Reflection on America as religious nation on the occasion of the Barrett nomination
Comment published on New York Times blog in response to Times article, “Trump announces Barrett as Supreme Court nominee, describing her as heir to Scalia,” September 26, 2020:
With this court appointment, we are again reminded that much of America's political leadership considers this a religious country. Both our recent political conventions--the Democrats self-outdoing--were soaked in discourse referencing both religious and secular themes in pious metaphors. An observer could easily get the impression that what Americans mostly do in election seasons is ask themselves not which candidates they prefer, but what the chosen hero thinks and wants of us. Our elections are about who we are as a people, a consensus identity politics. Let there be no doubt: 'America' as a collective person means honor, loyalty, sacrifice, heroism--and slavery's legacy: obedience. Piety, not generosity; when we contemplate how we are governed, it is as if we were posing for ourselves loyalty oaths and tests.

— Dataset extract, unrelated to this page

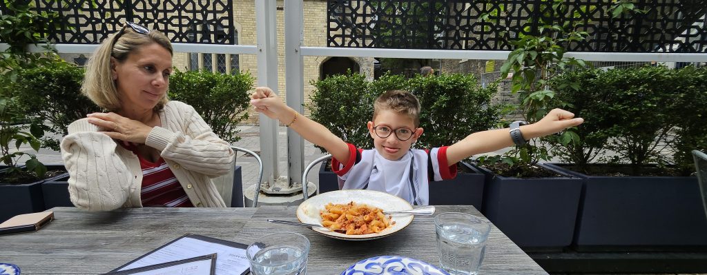 🍝 Pour le déjeuner, nous nous sommes attablés dans un restaurant italien situé dans l’enceinte du centre commercial, non loin des verrières. Le repas, simple et réconfortant, a fait du bien à tout le monde, surtout à Benjamin qui découvrait avec amusement cette ambiance si différente de celle de Jasper ou de Banff.

Something in this is both cause and consequence of the fact that 'religion' here has long mainly been a province of the right. Though each group has a left, right, and center, except white evangelicalism. Which has largely set the agenda. Abortion is the key issue despite the liberal 'rights' theme its rhetoric strategically hijacks. The focus is obedience, discipline, the patriarchal family. Obey the boss. Workers and mothers, do your job. Catholics are asked to oppose abortion, Jews to favor militarism, Protestants to gain a master. Old pieties sell better than experimental thinking, with Christ and Prophets strangely silent.